Top of Information supplied

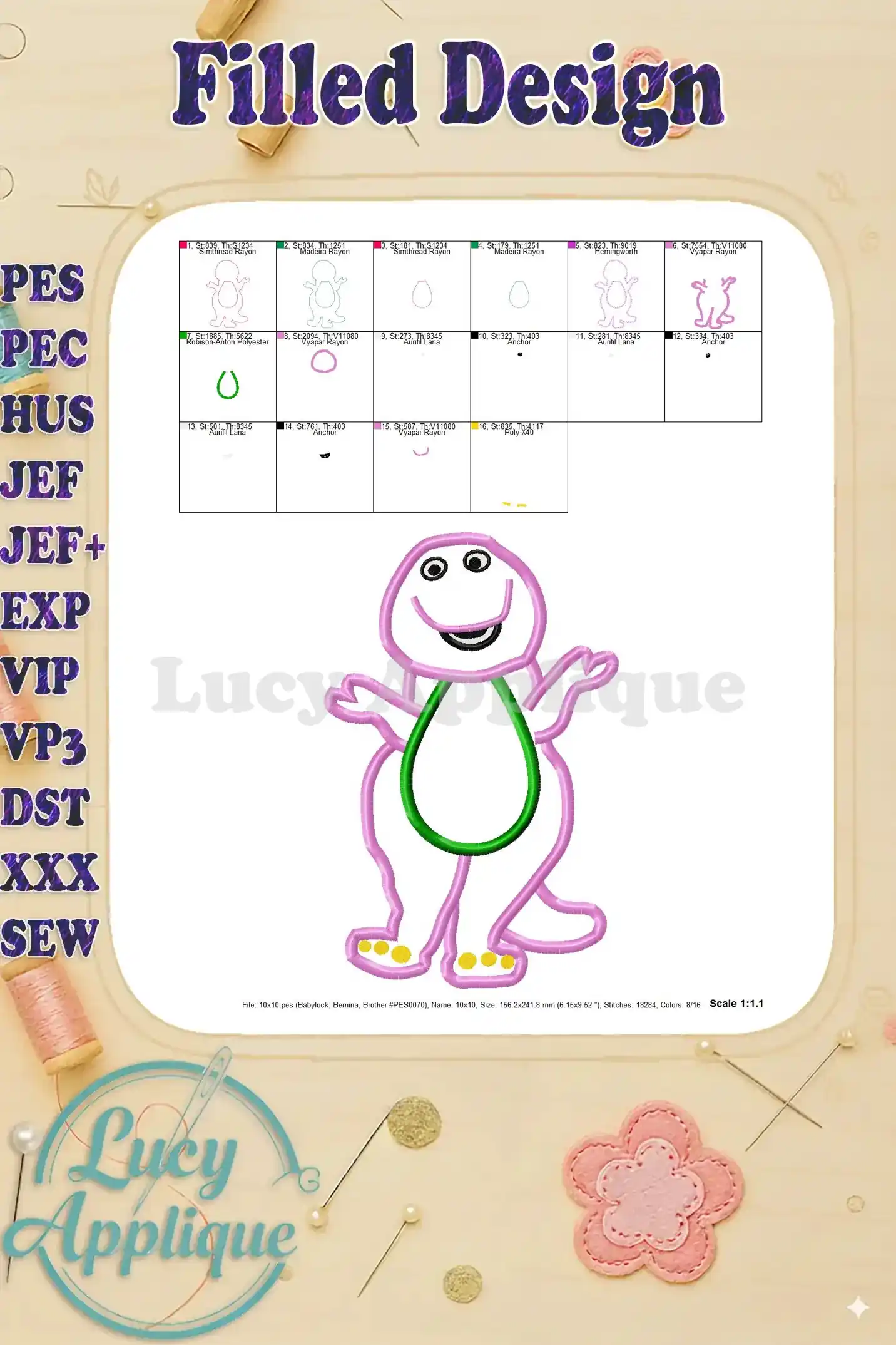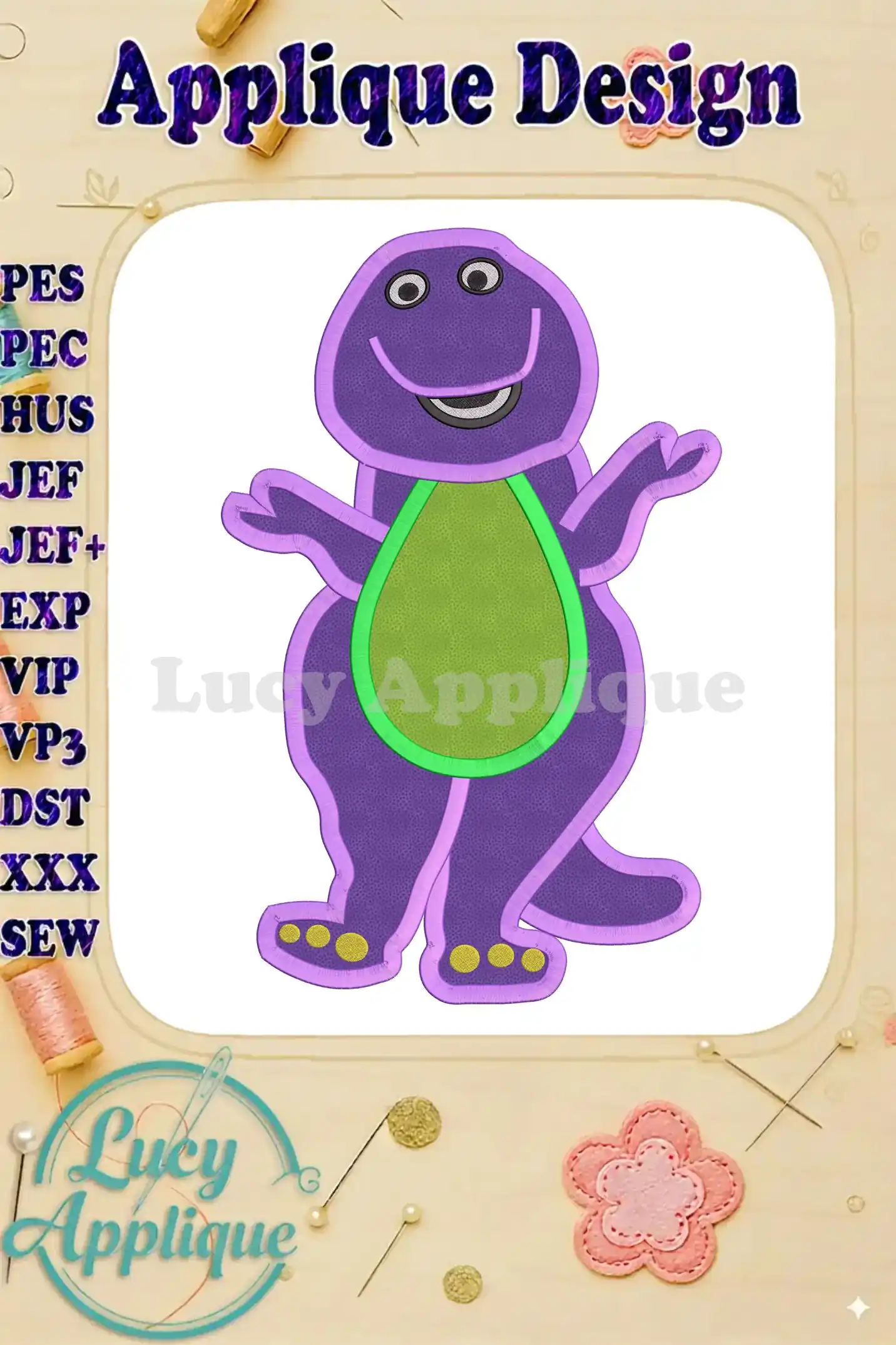 Adorable Barney applique embroidery design! Perfect for kids’ clothes, blankets, or crafts. Easy-to-follow instructions and multiple formats included. Download now!
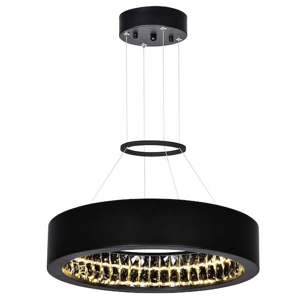 The Rosalina 16 inch LED Chandelier in Matte Black is a simple and understated solution to freshening up the look of your space. This down chandelier with a sleek circular design will update the look and feel of any room without adding too much visual weight. Instantly transform your living room, dining room, kitchen, or bedroom into a contemporary living space with this tastefully-designed modern ring chandelier.
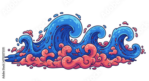 Stylized Blue Ocean Waves with Pink Foam Illustration.

Bottom of Information supplied

• Instructions to follow
The pictures should be dropped, and every line above should be set down again exactly.

• Exercise output
 Adorable Barney applique embroidery design! Perfect for kids’ clothes, blankets, or crafts. Easy-to-follow instructions and multiple formats included. Download now!
 The Rosalina 16 inch LED Chandelier in Matte Black is a simple and understated solution to freshening up the look of your space. This down chandelier with a sleek circular design will update the look and feel of any room without adding too much visual weight. Instantly transform your living room, dining room, kitchen, or bedroom into a contemporary living space with this tastefully-designed modern ring chandelier.
 Stylized Blue Ocean Waves with Pink Foam Illustration.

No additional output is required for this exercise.